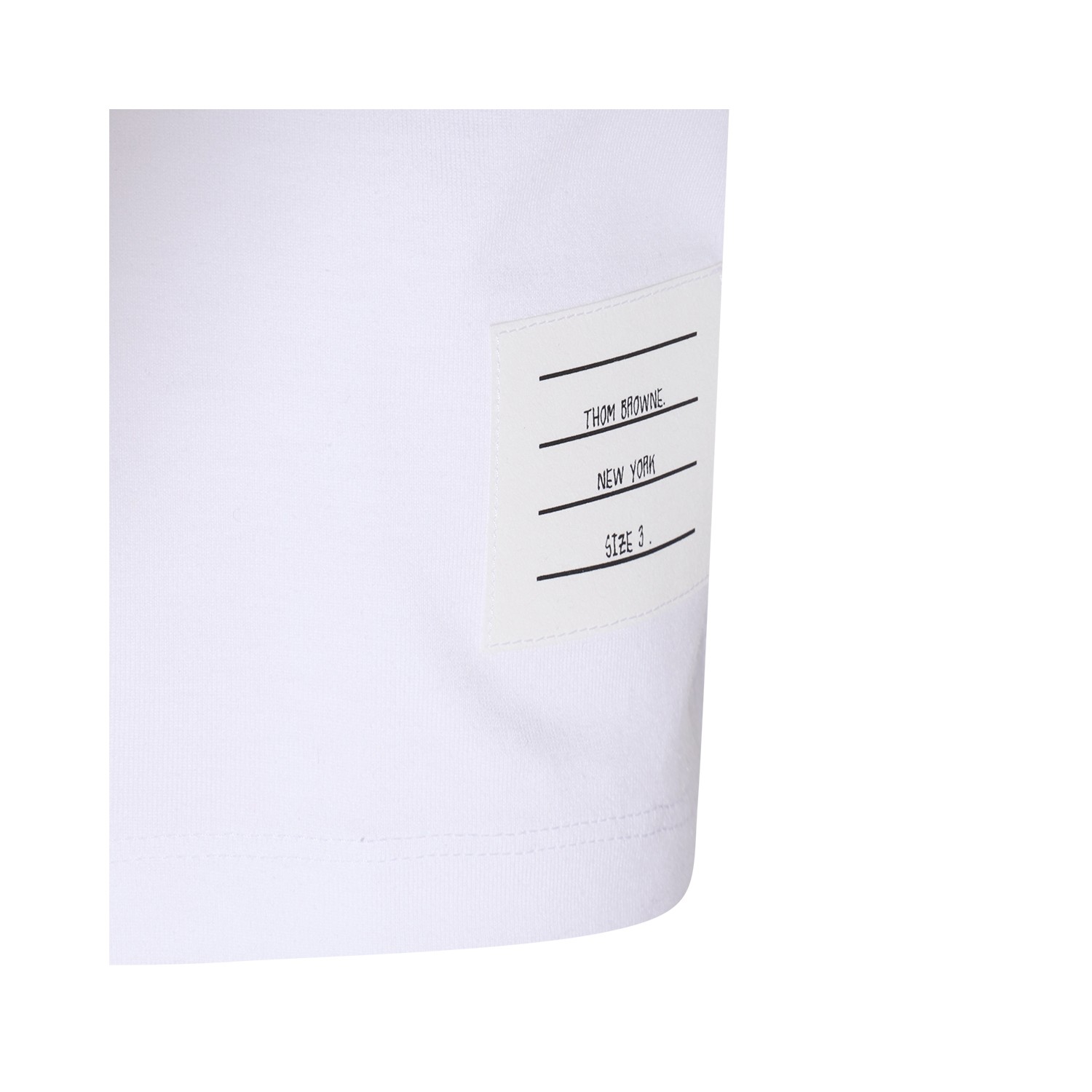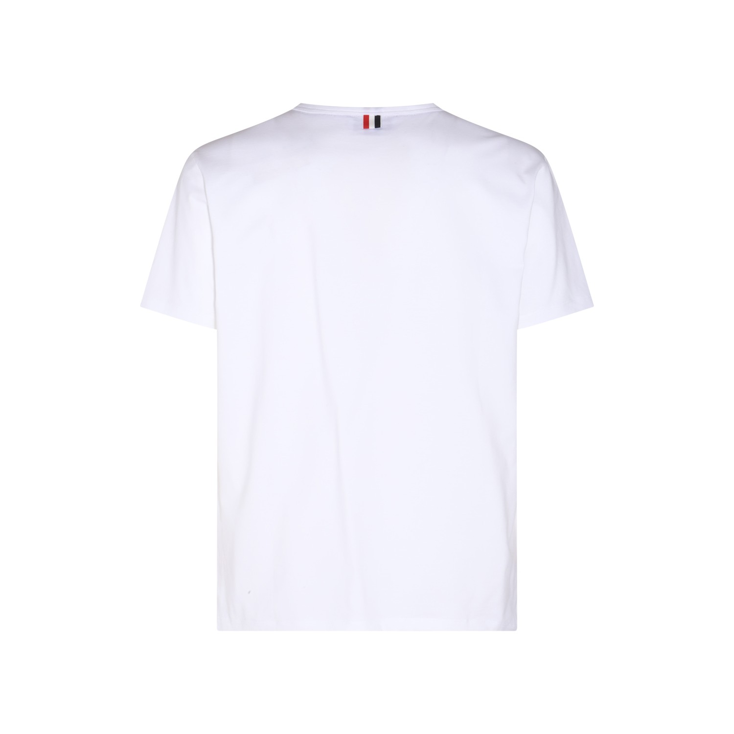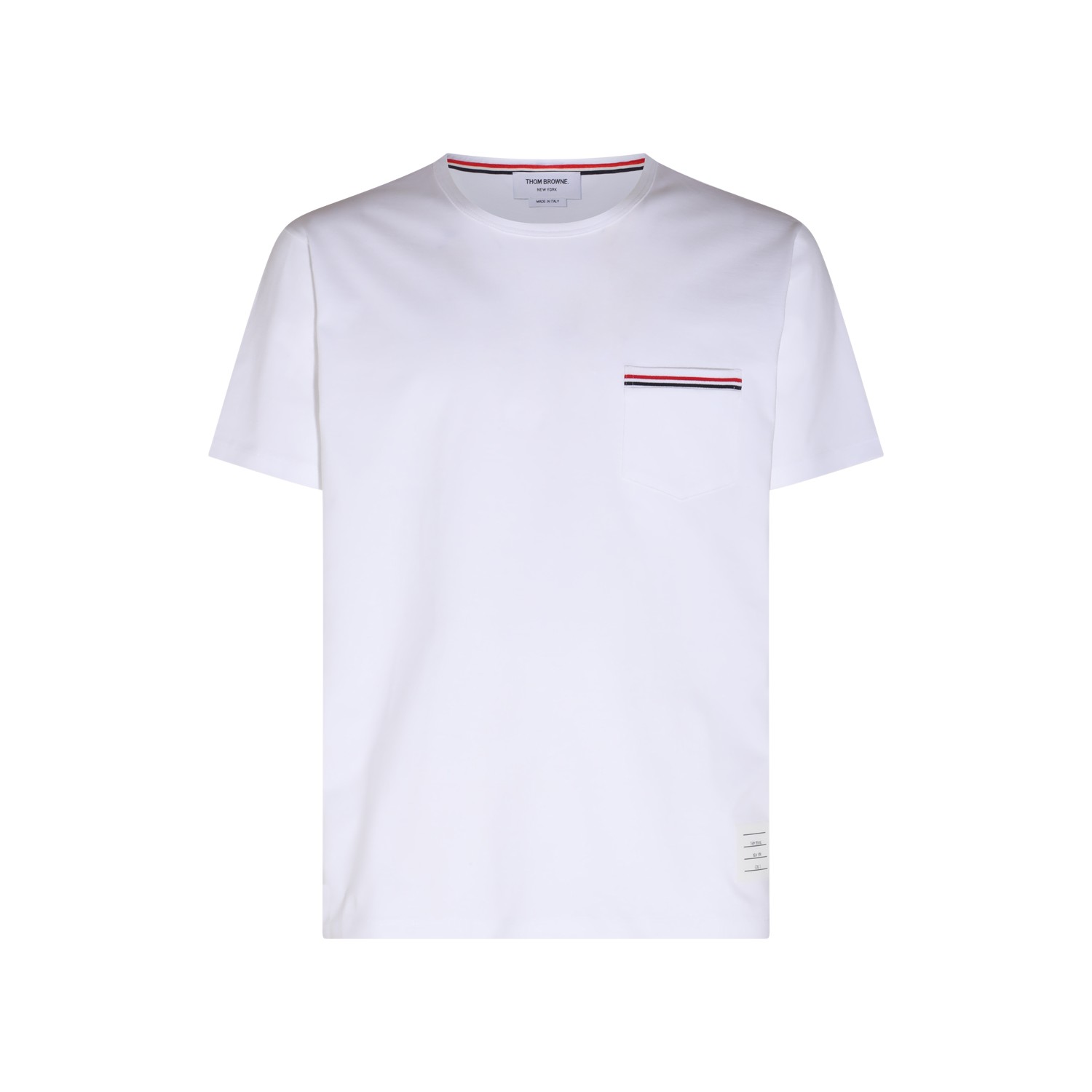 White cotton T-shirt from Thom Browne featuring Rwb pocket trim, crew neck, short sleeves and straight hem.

==

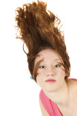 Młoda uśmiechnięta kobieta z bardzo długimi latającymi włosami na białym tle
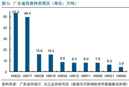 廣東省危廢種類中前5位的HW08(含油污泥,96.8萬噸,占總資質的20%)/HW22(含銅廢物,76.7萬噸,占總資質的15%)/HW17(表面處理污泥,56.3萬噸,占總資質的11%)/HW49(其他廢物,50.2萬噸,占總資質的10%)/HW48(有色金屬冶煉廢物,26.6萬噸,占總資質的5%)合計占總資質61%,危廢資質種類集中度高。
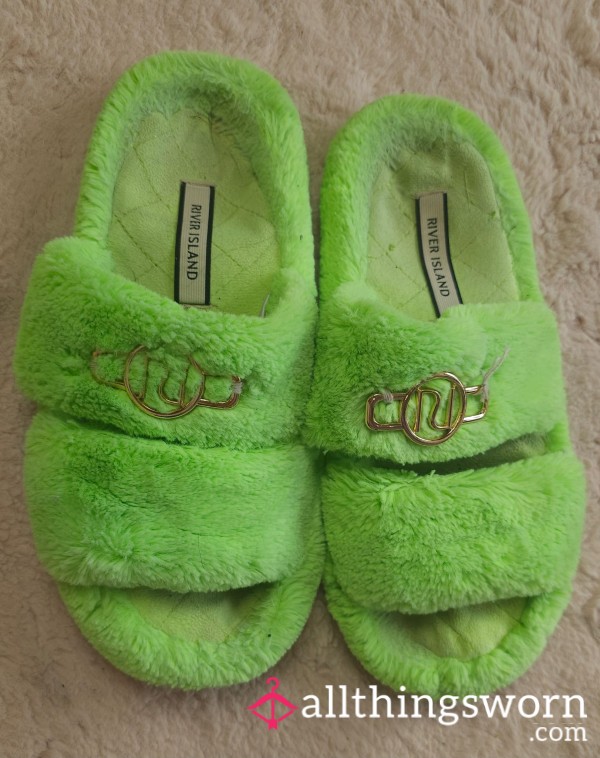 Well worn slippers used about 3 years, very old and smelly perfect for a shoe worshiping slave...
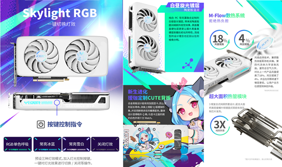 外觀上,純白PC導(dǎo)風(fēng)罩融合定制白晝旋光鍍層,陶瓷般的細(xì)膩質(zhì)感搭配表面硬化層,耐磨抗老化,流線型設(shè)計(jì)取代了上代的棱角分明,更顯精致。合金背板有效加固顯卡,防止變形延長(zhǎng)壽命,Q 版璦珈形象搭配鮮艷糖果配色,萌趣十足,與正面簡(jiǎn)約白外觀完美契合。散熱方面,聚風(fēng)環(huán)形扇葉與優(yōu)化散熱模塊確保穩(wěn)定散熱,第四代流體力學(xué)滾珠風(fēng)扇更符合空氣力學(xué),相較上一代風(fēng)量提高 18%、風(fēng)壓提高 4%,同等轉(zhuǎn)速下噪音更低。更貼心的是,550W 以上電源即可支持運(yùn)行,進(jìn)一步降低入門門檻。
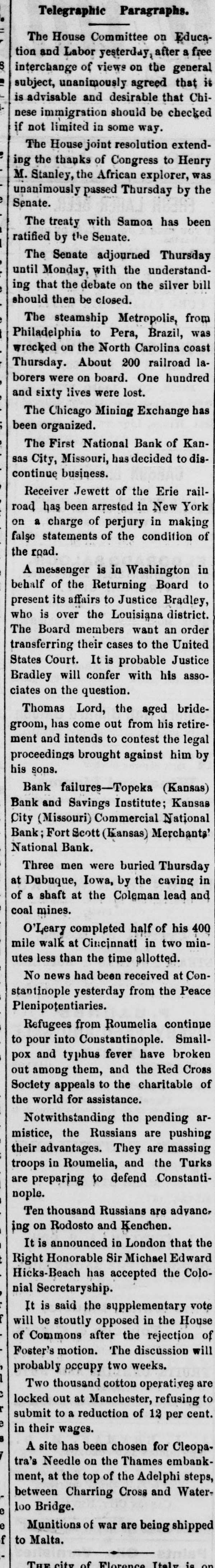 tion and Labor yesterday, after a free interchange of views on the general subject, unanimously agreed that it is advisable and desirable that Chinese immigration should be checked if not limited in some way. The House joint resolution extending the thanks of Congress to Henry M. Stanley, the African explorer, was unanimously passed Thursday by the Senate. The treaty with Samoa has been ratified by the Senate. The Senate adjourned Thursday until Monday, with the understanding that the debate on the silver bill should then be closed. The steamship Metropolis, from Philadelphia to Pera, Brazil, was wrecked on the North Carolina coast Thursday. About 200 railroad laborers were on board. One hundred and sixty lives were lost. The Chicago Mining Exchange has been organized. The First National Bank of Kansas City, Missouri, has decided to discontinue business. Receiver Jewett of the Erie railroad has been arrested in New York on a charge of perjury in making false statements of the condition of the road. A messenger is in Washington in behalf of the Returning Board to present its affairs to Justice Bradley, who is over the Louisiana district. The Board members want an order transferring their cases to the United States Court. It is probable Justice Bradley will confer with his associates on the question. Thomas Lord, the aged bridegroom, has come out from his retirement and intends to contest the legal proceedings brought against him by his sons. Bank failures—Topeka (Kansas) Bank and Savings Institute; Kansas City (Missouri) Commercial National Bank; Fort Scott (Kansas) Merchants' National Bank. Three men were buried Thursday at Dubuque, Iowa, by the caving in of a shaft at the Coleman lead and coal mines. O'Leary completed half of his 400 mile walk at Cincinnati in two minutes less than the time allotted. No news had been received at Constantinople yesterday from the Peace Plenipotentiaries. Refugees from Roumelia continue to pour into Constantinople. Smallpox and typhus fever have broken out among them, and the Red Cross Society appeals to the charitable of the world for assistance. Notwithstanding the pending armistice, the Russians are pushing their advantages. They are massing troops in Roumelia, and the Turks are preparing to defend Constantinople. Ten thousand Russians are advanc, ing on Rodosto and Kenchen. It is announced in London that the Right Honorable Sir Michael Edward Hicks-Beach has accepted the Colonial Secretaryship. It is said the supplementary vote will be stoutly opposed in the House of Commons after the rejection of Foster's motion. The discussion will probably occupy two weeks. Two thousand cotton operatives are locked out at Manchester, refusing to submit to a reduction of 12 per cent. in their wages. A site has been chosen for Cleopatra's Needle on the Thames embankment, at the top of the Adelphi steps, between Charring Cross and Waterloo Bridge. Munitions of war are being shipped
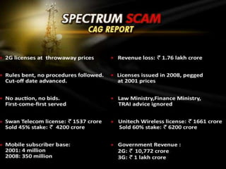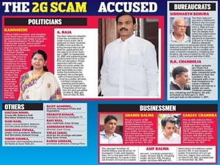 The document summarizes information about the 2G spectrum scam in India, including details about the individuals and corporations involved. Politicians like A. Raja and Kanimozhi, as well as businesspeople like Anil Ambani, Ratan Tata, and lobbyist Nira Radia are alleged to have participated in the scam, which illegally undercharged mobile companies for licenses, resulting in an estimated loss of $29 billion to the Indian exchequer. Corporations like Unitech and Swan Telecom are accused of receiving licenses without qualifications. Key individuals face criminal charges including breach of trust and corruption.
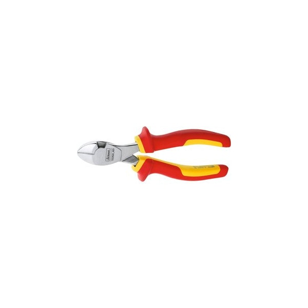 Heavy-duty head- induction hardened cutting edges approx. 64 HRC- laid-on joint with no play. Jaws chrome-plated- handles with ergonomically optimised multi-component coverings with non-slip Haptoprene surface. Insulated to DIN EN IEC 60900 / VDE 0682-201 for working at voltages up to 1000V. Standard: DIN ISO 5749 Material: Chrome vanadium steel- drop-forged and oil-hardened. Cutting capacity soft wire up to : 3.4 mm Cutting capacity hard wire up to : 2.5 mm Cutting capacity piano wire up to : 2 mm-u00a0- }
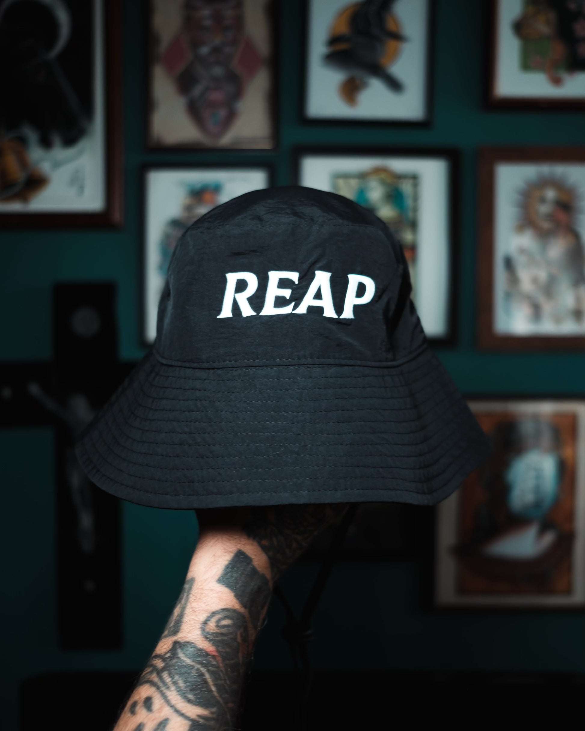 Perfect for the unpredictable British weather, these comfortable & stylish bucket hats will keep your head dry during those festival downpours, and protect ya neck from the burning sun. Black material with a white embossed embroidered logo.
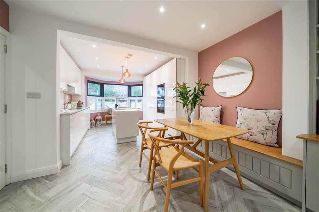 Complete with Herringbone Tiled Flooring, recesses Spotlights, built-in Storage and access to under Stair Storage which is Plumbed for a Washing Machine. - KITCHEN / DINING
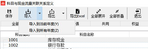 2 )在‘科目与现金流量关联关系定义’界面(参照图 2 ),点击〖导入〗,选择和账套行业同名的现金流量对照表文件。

• [Instructions for the task]
Reproduce exactly the lines above that run from the one with "廣東省危廢種類中前5位的HW" to the one with "Well worn slippers", both included, leaving pictures out.

• [Response box]
 廣東省危廢種類中前5位的HW08(含油污泥,96.8萬噸,占總資質的20%)/HW22(含銅廢物,76.7萬噸,占總資質的15%)/HW17(表面處理污泥,56.3萬噸,占總資質的11%)/HW49(其他廢物,50.2萬噸,占總資質的10%)/HW48(有色金屬冶煉廢物,26.6萬噸,占總資質的5%)合計占總資質61%,危廢資質種類集中度高。
 Well worn slippers used about 3 years, very old and smelly perfect for a shoe worshiping slave...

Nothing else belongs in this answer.